For the past two weeks I’ve been experimenting with various malware feature transformations and combinations. It came to my understanding that using any Euclidean distance-based clustering for a dataset where more than 95% of boolean features might not be the best approach.

In our case there is significantly more features than data samples what usually has a detrimental effect on clustering. # data points » # features is usually advisable, with the number of features being around 10% of the number of samples for the best effects. If this does not hold noisy features can be overwhelming for clustering especially when some clusters are underrepresented in the data. Some of the clustering possibilities are presented below.


Full feature

Using the full feature set (19187 features) gives us 57 outliers (out of 199 malware samples) with clusters fit being (HDBSCAN: min_cluster_size=5, min_samples=1):

Adjusted Random Index 0.203094
Adjusted Mutual Information Score 0.338447
Completeness 0.563312
Silhouette Coefficient -0.197215
V-measure 0.556734
Homogeneity 0.550308


and clusters and outliers fit:

Adjusted Random Index 0.082914
Adjusted Mutual Information Score 0.212254
Completeness 0.504984
Silhouette Coefficient 0.216329
V-measure 0.465022
Homogeneity 0.430921


and not so good clusters when inspected closer.

Simple feature

Simple features have 61 features and 36 outliers (HDBSCAN: min_cluster_size=5, min_samples=1) with clustering fit:

Adjusted Random Index 0.133554
Adjusted Mutual Information Score 0.269060
Completeness 0.522440
Silhouette Coefficient -0.124457
V-measure 0.501318
Homogeneity 0.481838


and clustering with outliers fit:

Adjusted Random Index 0.089312
Adjusted Mutual Information Score 0.214820
Completeness 0.489151
Silhouette Coefficient 0.269974
V-measure 0.462284
Homogeneity 0.438215


and again not so good clusters when inspected closer.

Numerical features

There are 21 numerical features 21, with clustering (HDBSCAN: min_cluster_size=7, min_samples=1) resulting in 49 outliers and cluster fit:

Adjusted Random Index 0.164326
Adjusted Mutual Information Score 0.263059
Completeness 0.502374
Silhouette Coefficient -0.607331
V-measure 0.479650
Homogeneity 0.458894


and clustering + oultiers fit:

Adjusted Random Index 0.108847
Adjusted Mutual Information Score 0.199091
Completeness 0.490092
Silhouette Coefficient 0.276731
V-measure 0.437520
Homogeneity 0.395134


and again not so good clusters when inspected closer. Nevertheless, very good results when considering the results and the number of features used.

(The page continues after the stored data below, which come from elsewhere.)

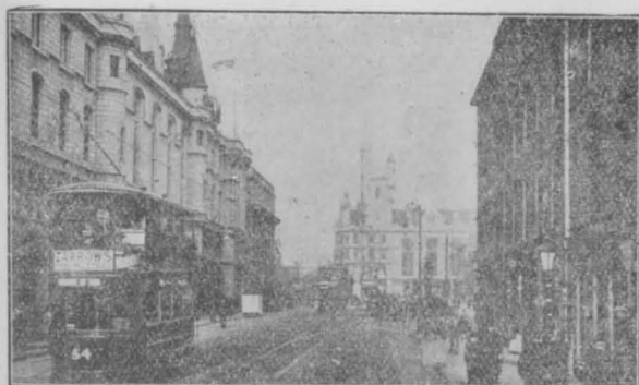
トーリトスンオニユ

家などは殆どないと云つても可なりである。従つて表通本通りの街路はどこへ行つても綺麗である。塵一つ留めぬ綺麗さはあるが何となく冷さがある。寸泥靴を没し、屋並みが見馴れぬで、板庇の上には寸餘の砂埃を堆積してある町家を見馴れて来た極東人の眼には一入の冷さを石造の家によつて感ずるそれは兎もあれ、花崗岩の都會を作つた材料の出所を見物すべく老人は案内して呉れる。花崗岩を採掘する石切場は峻しき山の中腹にでも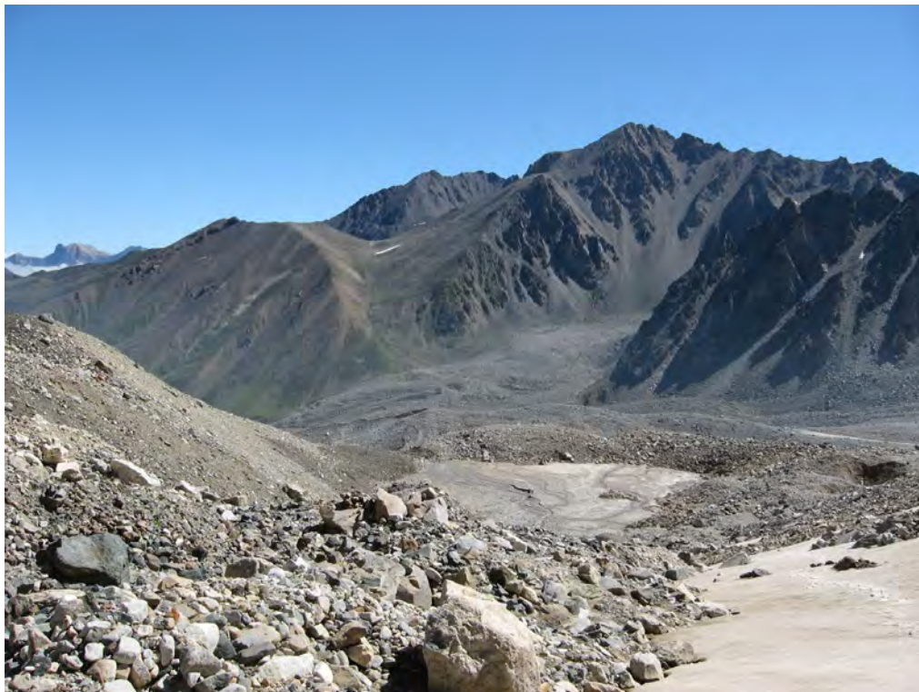
Фото 1. Верховья д.р. Булунгу. Путь подъема к пер. Тютюргу Вост. (1Б).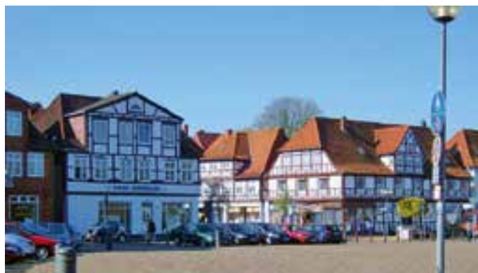
Die Altstadt von Rendsburg lädt zum Bummeln ein.

Um 8.30 Uhr startet das Kanal-frühstück mit rustikalem Früh-stücksbuffet.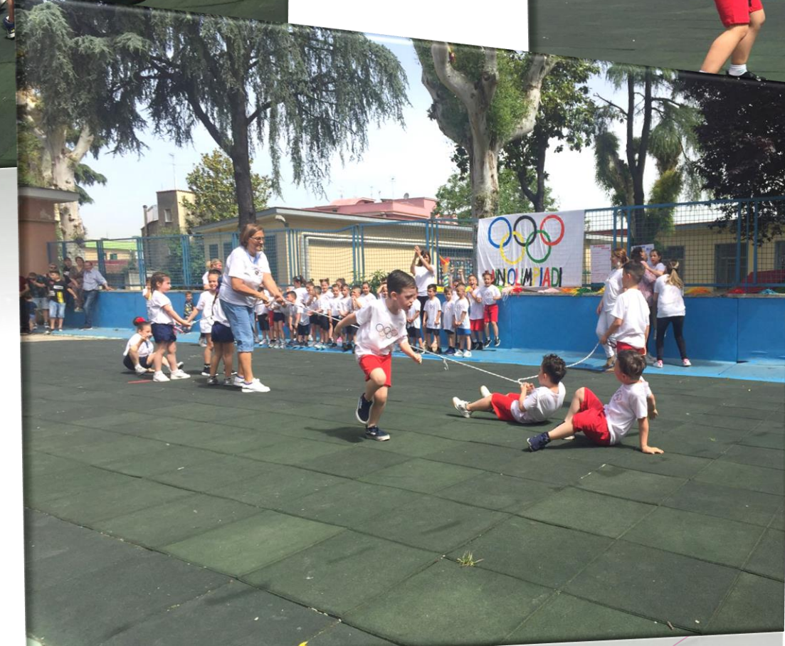
Tiro della corda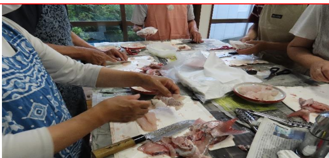
先ほど、お手本を見てから時間が経過。覚えているかな？二組目の参加者たちです。

Simple features: reduced dimensionality

I have also experimented with variety of combination of these: using log binning for the numerical features and various thresholding to delete the sparse feature; some of them resulted in quite good clustering with the best result achieved by simple features where only features covering more than 10% of the examples were used (17 features). Clustering (HDBSCAN: min_cluster_size=5, min_samples=1) resulted in 57 outliers with the cluster fit statistics:

Adjusted Random Index 0.230443
Adjusted Mutual Information Score 0.363688
Completeness 0.588787
Silhouette Coefficient -0.175176
V-measure 0.575281
Homogeneity 0.562382


and clustering + outliers statistics:

Adjusted Random Index 0.107736
Adjusted Mutual Information Score 0.230274
Completeness 0.516208
Silhouette Coefficient 0.326374
V-measure 0.478756
Homogeneity 0.446371


Clusters visualisation

Clusters visualisation

-1 cluster statistics

-1 cluster

0 cluster statistics

0 cluster

1 cluster statistics

1 cluster

2 cluster statistics

2 cluster

3 cluster statistics

3 cluster

4 cluster statistics

4 cluster

5 cluster statistics

5 cluster

6 cluster statistics

6 cluster

7 cluster statistics

7 cluster

8 cluster statistics

8 cluster

9 cluster statistics

9 cluster

10 cluster statistics

10 cluster

11 cluster statistics

11 cluster

12 cluster statistics

12 cluster

13 cluster statistics

13 cluster

Summary

To sum up, we have good features but they are underrepresented in the simple dataset used for the development of cuckoml; to many samples are healthy (none label). Furthermore, the problem with combining binary (vast majority) with all the rest of the features causes them to become far apart, hence, undermines the clustering mechanisms; unfortunately, applying log-binning to the numerical features is of little help here.